▶ [PROBLEM DESCRIPTION]
Beginning at the line that contains "Siyah Gümüş İyi", output each line exactly through the end of the records, and drop any pictures.

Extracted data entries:
[Start of section]
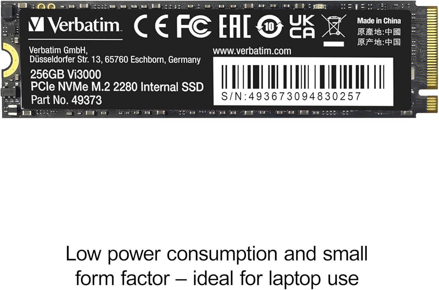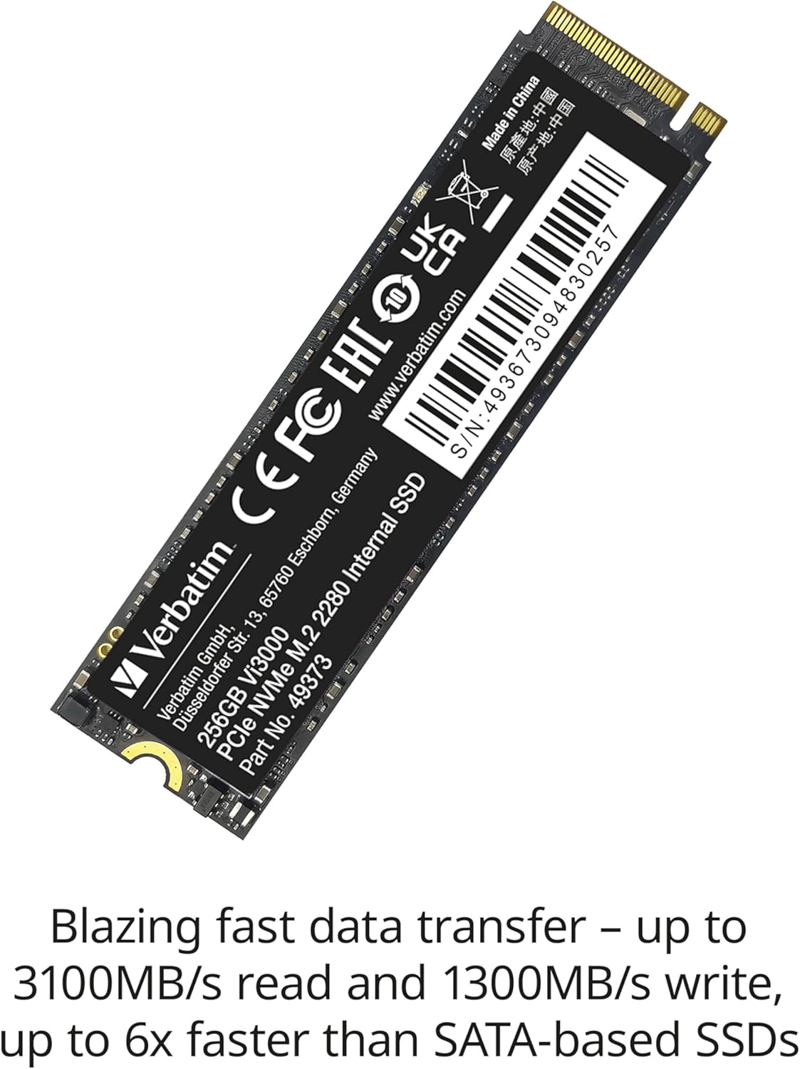 Verbatim’s Vi3000 PCIe NVMe M.2 2280 Internal SSDs are designed for users who demand the ultimate in speed and performance. Thanks to the PCIe NVMe Gen 3.0 x4 interface, you can enjoy blazing fast data transfer speeds, up to 6x faster than SATA-based SSDs. Transfer multiple or large files with ease with read speeds up to 3100MB/s and write speeds up to 2200MB/s. (Sequential transfer speeds based on internal testing using ATTO benchmark. Actual performance may vary depending on host computer environment, and use conditions.) The small M.2 2280 form factor saves space without sacrificing performance, even with limited chassis or motherboard space. Transform the performance of your desktop or laptop and enjoy decreased system boot time, more efficient multi-tasking, and faster system responsiveness. Verbatim’s Vi3000 PCIe NVMe M.2 2280 Internal SSDs are backed by a 2-year limited warranty.
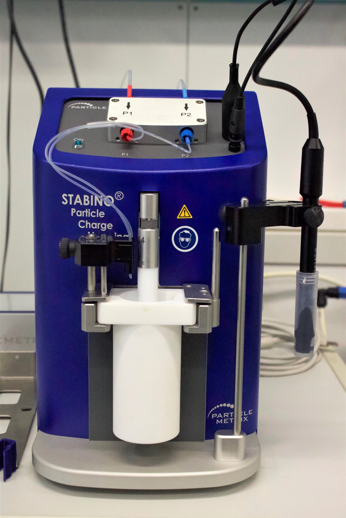 This instrument measures the size and ζ-potential of suspended particles, with an error of 2%. The volume of the measuring cell is 10 mL and the detected size range is between 0.3 nm - 300 μm. The addition of titrants is possible and controlled via two tanks by delivering solutions to the suspension.
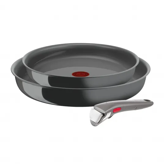 Set de 3 piese Tefal Ingenio Renew, tigaie de 24/28 cm, maner detasabil, invelis antiaderent, indicator Thermo-Signal™, gri
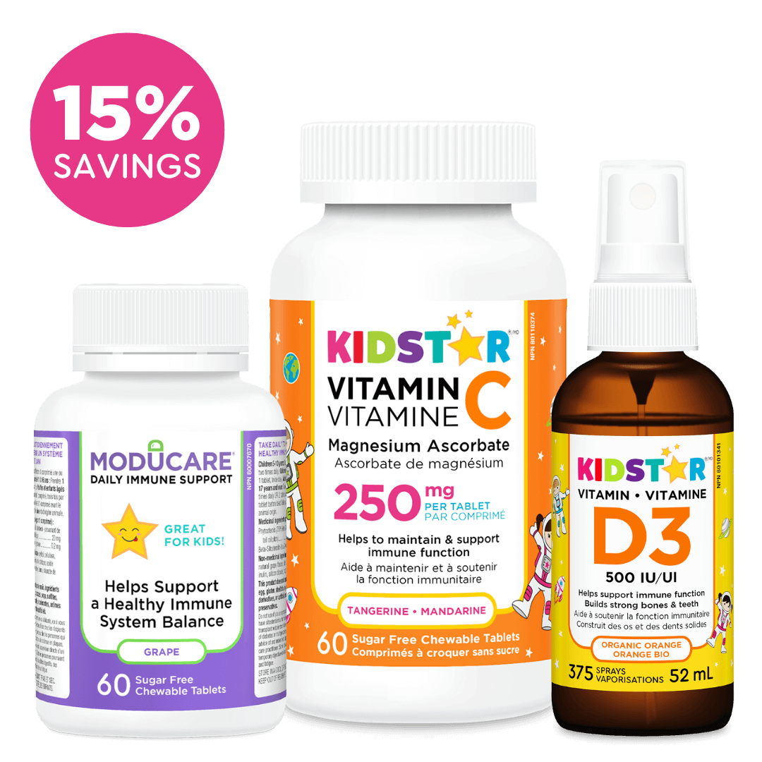The KidStar Immunity Bundle includes Moducare Grape Chewable (60 chewable tablets), Vitamin C tablets (60 chewable tablets), and Vitamin D3 Spray (52 mL). Support your child’s immune health with these tasty and fun daily supplements: natural grape and tasty tangerine in crunchy chewable tablets, and organic orange in an easy-to-use spray!
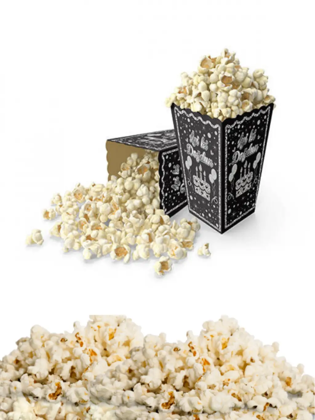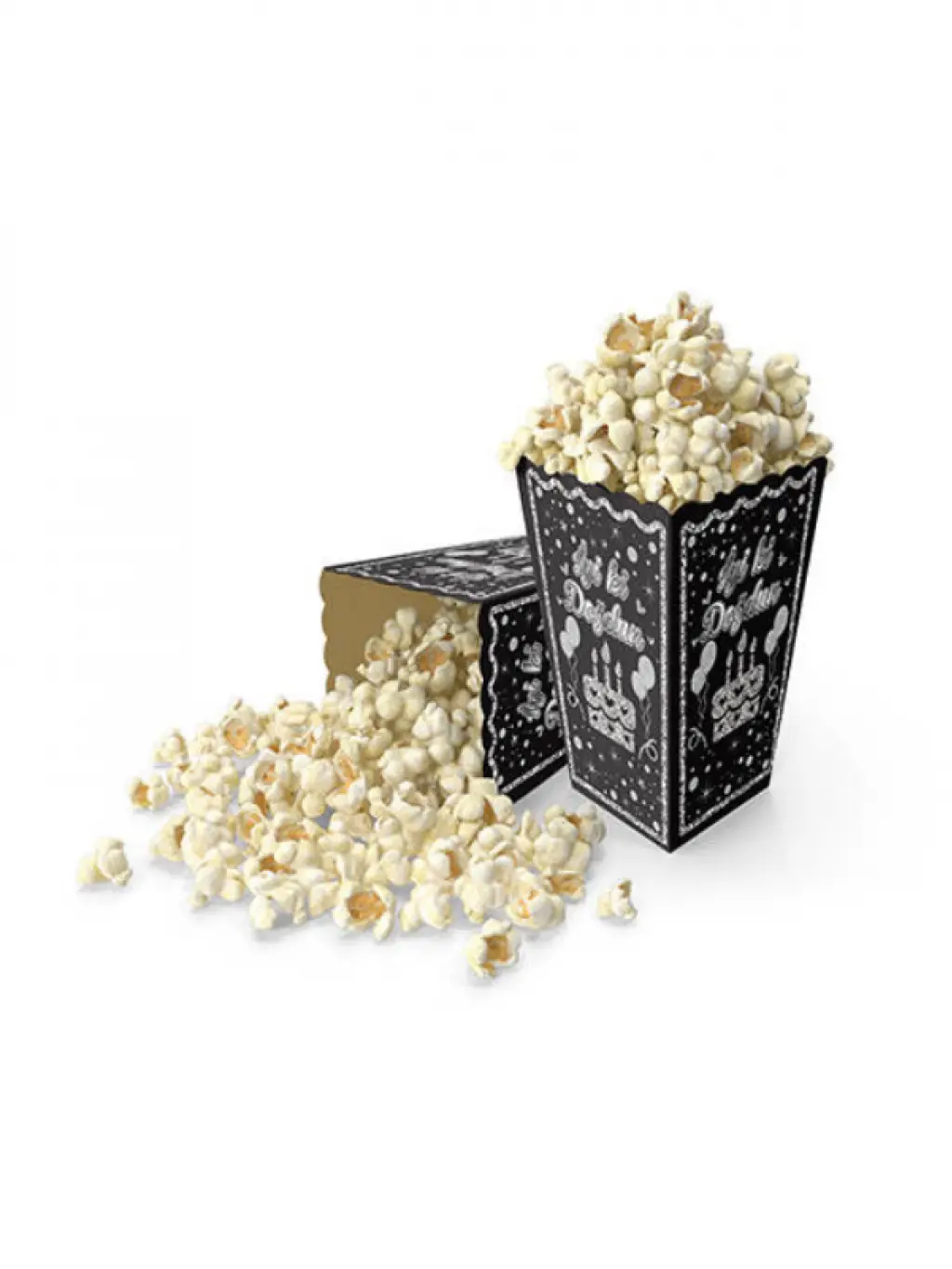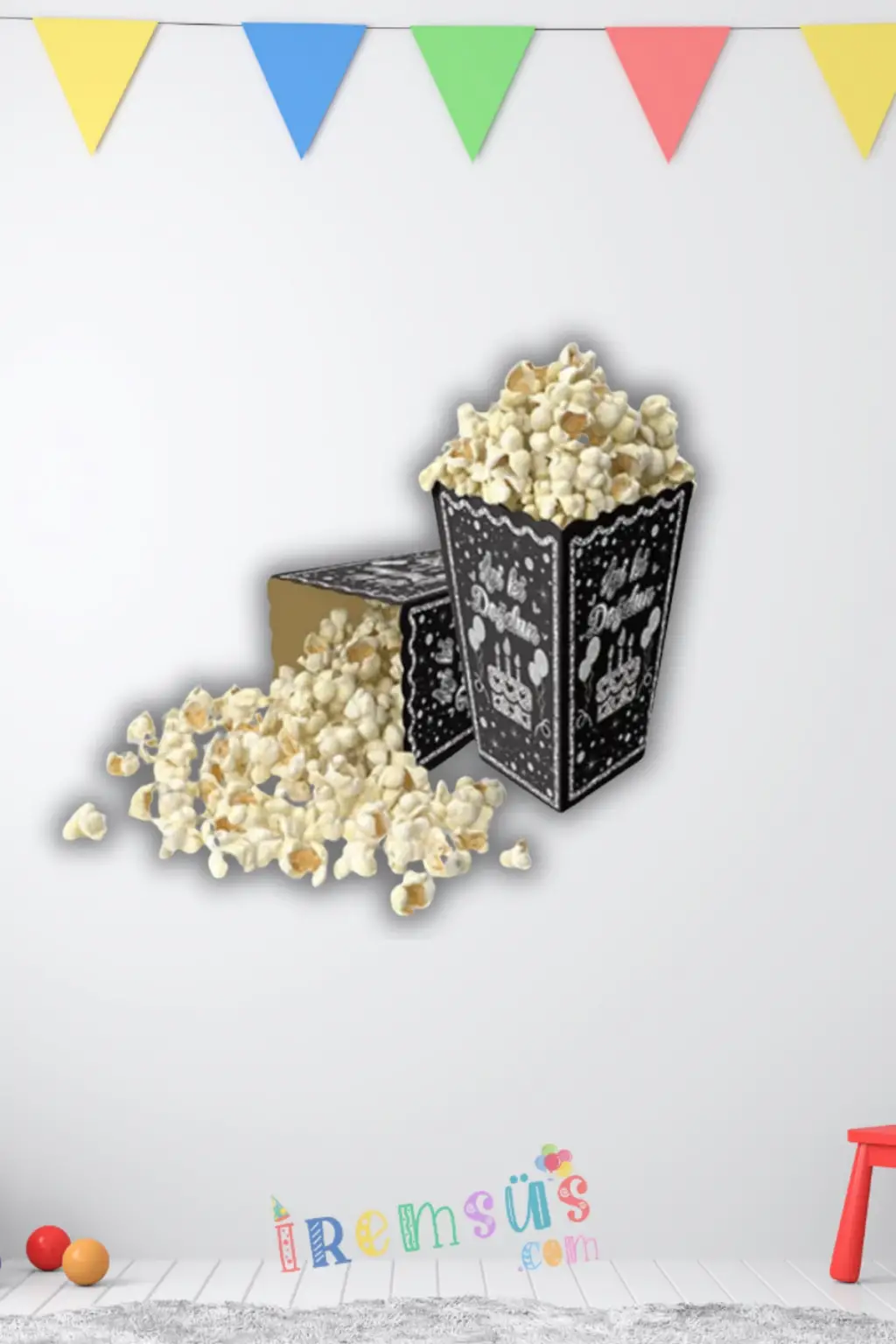 Siyah Gümüş İyi ki Doğdun Konsept Mısır Kutusu Popcorn 8 li Siyah Tema Masa Üstü Süslemesi
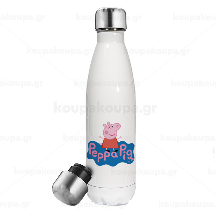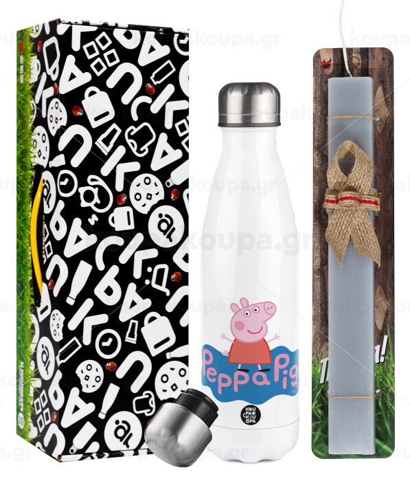 Πέππα το γουρουνάκι μπλε με όνομα, Easter candle, metallic white thermos bottle (500ml) & aromatic flat candle (30cm) (GRAY)
[End of section]
▶ [RESULT OF THIS EXERCISE]
 Siyah Gümüş İyi ki Doğdun Konsept Mısır Kutusu Popcorn 8 li Siyah Tema Masa Üstü Süslemesi
 Πέππα το γουρουνάκι μπλε με όνομα, Easter candle, metallic white thermos bottle (500ml) & aromatic flat candle (30cm) (GRAY)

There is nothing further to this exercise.